The down side of glue is that is is like bondo. The steel will eventually rust and bubble through it.
 
why dont you braze it? thats how it was done in the old days. if you do it right, it will suck into the joint.
 
If you braze, some guy like me will be cussing up a storm when I restore it the next time. Once you braze, you can never weld that panel again. Plus, it envolves using more heat than MIG or especially TIG...so you have increased trouble with panel distortion too. In the old days brazing used less heat than torch welding, so it was popular. Once MIG, and again, especially TIG, came along, brazing is obsolete.

I am closely watching these new laser rigs. Most of the adds are AI BS, but I know they are real and will be the bomb when the prices come down.
 
In my heart of hearts I would like to weld something in there. If I use the new sheet metal piece, I am going to try and weld the piece in place.

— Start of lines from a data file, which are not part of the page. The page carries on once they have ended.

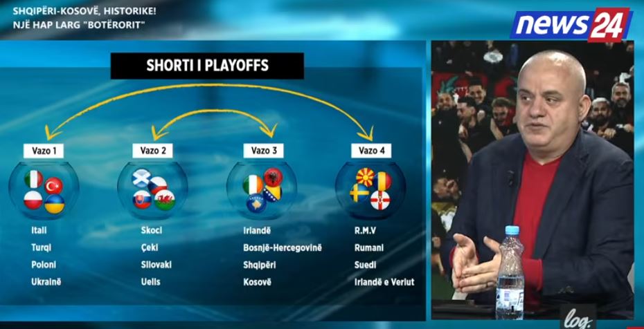 Shqipëria pret të mësojë kundërshtarin në Play off të Botërorit, në shortin e të enjtes. Gazetari i njohur, Artan Hoxha në emisionin “Log”, në News 24, tregoi preferencat e tij për kundërshtarët e mundshëm të kuqezinjve në këtë fazë. Hoxha thotë se Skocia do ishte mirë të shmangej, sakaq ai sheh si një rival të kalueshëm Ukrainën.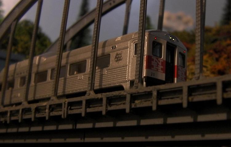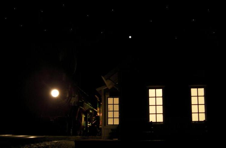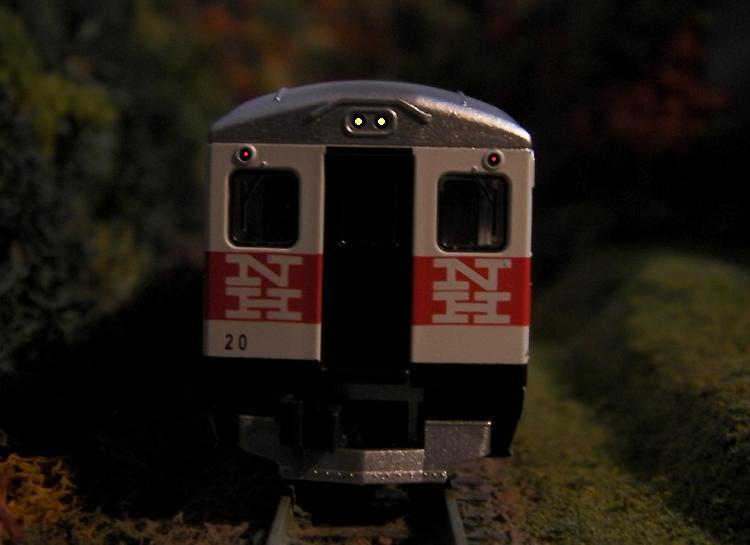 A starlit night, and one of my favorite roads of all time, the NYNH&H. Here a former ATSF Tavern coach picks up weary commuters bound for Long Island.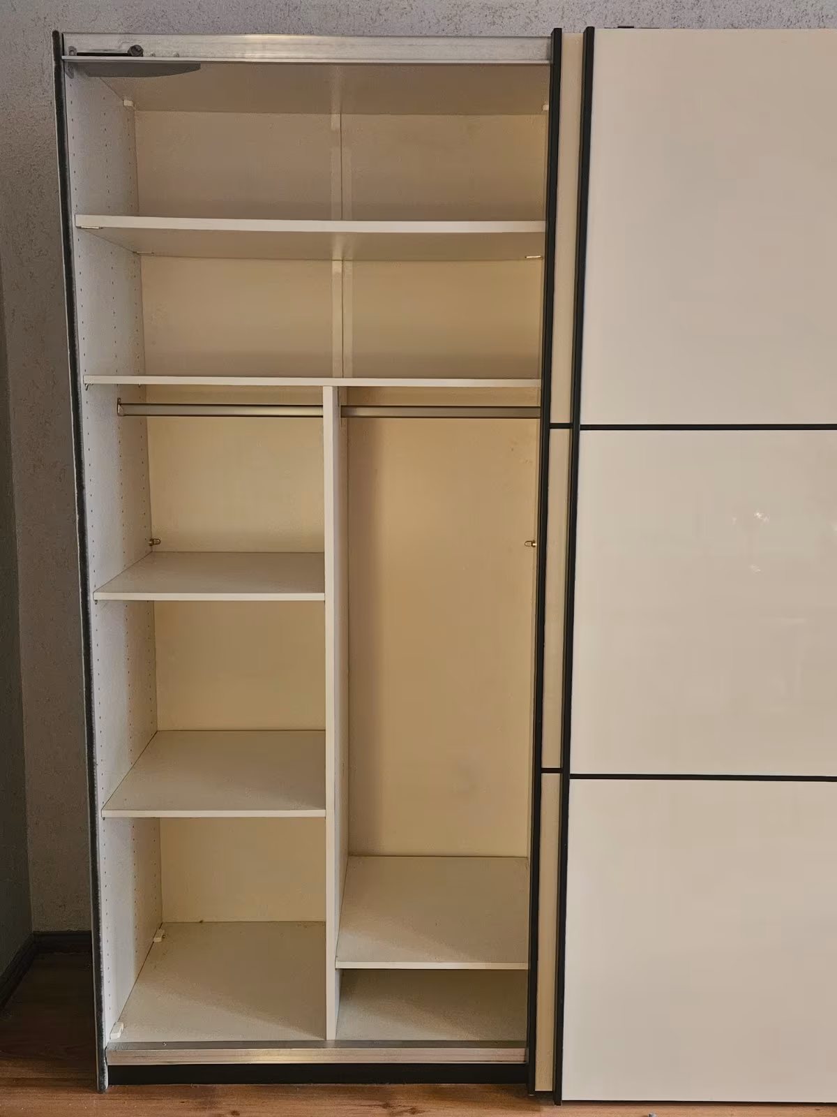 Ich verkaufe einen hochwertigen Jutzler Schwebetürenschrank in Cremeweiß mit schwarz matten Aufclip- und Dekorprofilen. Sehr gepflegter Zustand, tolle Optik (Kontrast Cremeweiß/Schwarz).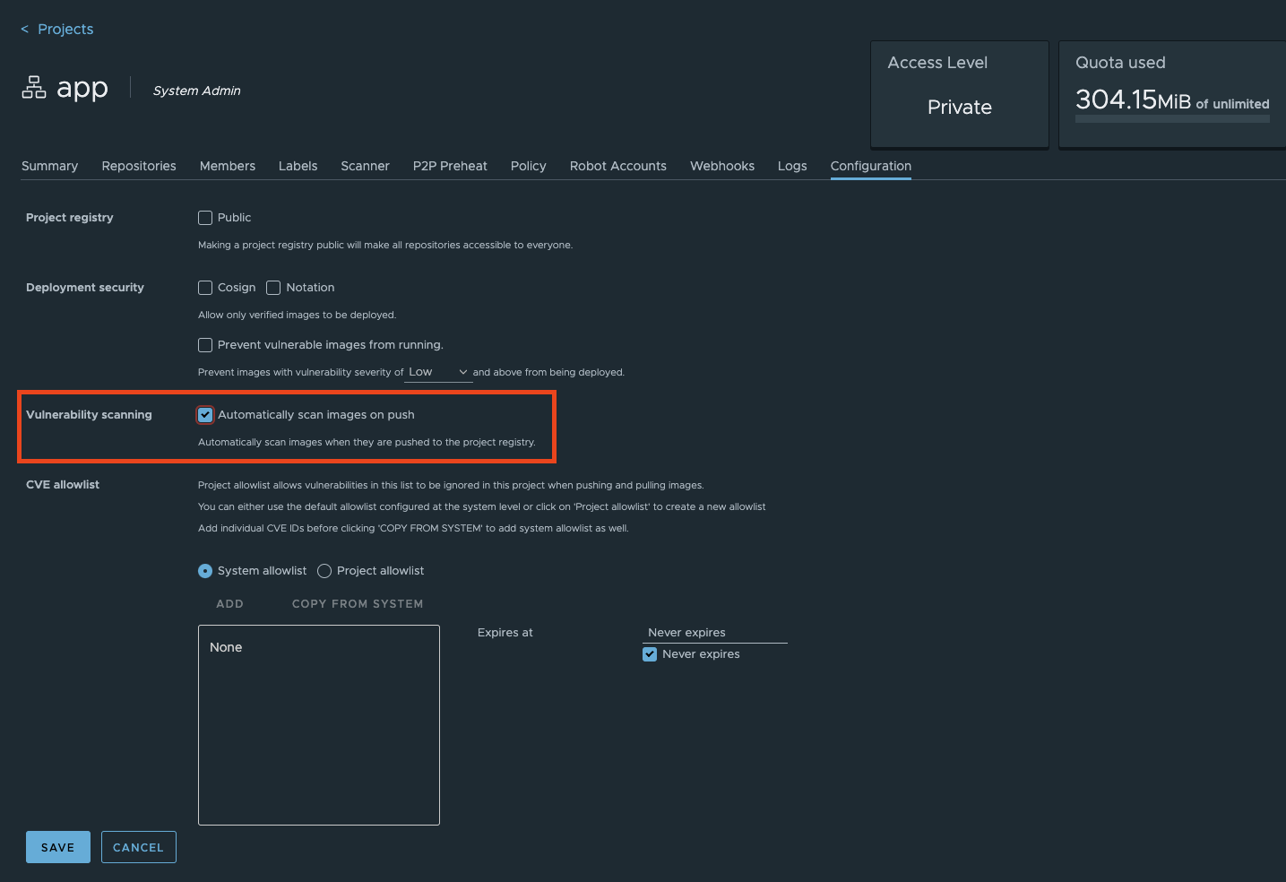 Harbor에는 Project별로 이미지 푸쉬 후 자동으로 취약점을 점검할 수 있는 설정을 할 수 있다. 아무 Project를 클릭하고 Configuration 탭을 클릭하면 프로젝트 설정을 할 수 있는데 여기서 Vulnerability scanning 에서 Automatically scan images on push 를 체크하면 해당 프로젝트에 푸쉬되는 모든 이미지는 푸쉬된 후 자동으로 취약점 점검을 할 수 있다.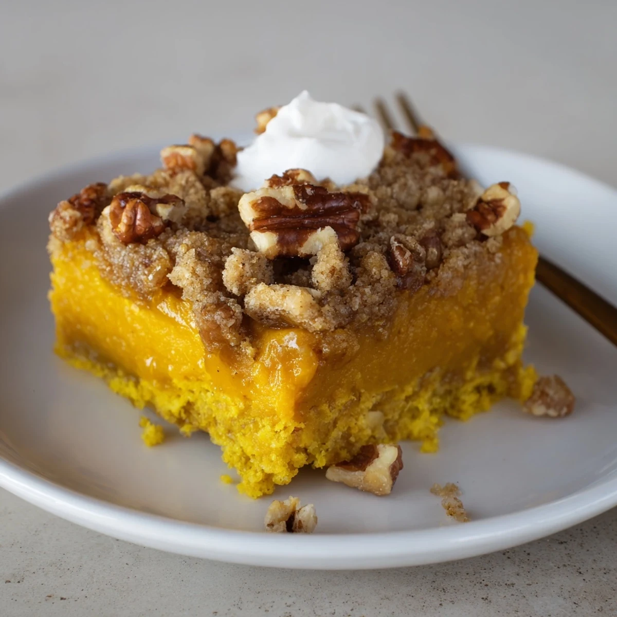 This simple autumn bake layers spiced pumpkin puree mixed with sweetened condensed milk and eggs in a 9x13 pan, sprinkles dry yellow cake mix on top, then pours melted butter and chopped pecans over everything. Bake at 350°F for 45–55 minutes until set, cool at least 30 minutes, and serve warm or chilled with whipped cream or ice cream. Variations include toasted pecans, spice cake mix, or dairy-free swaps.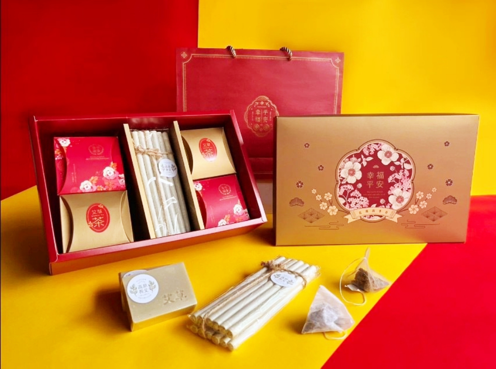 桃竹苗「幸滿福」年節系列禮盒以「平安、好時、滿堂、盈福、招福」為設計理念:桃園市龍潭區高原社區發展協會「祈艾招福平安禮盒」,選用在地艾草製成茶包、手工皂及薰香條,延續民俗中艾草驅邪納福的象徵意涵;新竹縣寶山鄉觀光休閒產業文化協會「柑蔗菓物好時光禮盒」,以在地之柑橘果乾搭配黑糖、愛玉DIY材料包,讓民眾在家即可動手體驗,享受親子同樂的年節時光,傳遞好時光、好心情的新春祝福。

I like the idea of using the little blue quarter panel piece I have because the curves in the metal would be complete. The piece is mostly rust and leaded in on the outer kick panel side--- which brings in another situation, but I could seam sealer where the 2 pieces meet????. Plus, I would need to do something with the bottom of the piece.

Seems to me the new sheet metal piece would be strongest, and I should be able to add a small piece to fill in the curve without using too much filler.

I really appreciate the input because I am stuck ..... Steve
 
Once the mig is set on the "right settings" for the metal you are working. You clamp the
part up and weld a spot the size of an eraser ,which you allow to cool for a minute or so
Compressed air can force cool it. Then you do another one.Taking your time is the trick to
a good repair. Even grinding the nubs flat every so often is good as it lets the heat stay evenly
in the panel. It is not absolutly necessary to weld it solid,though most do. In any case filling
over the welds with Tiger Hair rather than bondo is imperative for durability .
Mad dog
 
Honestly, Steve, if the metal you are dealing with is so thin you are worried about burn through, it will likely rust through within a couple years anyway...whether you weld or glue it together. I had a similar problem with the rear fender just above the trunk floor in my TR2. It was WAY to big of a job to replace the entire fender, and the rest of the fender was pretty decent. In the end I kept blowing through the weld, stopping and increasing the size of my patch...blowing through again...and again! Finally I got a patch large enough that it accounted for the very thin rusted area and I was able to weld it in.

Wish I was closer?!?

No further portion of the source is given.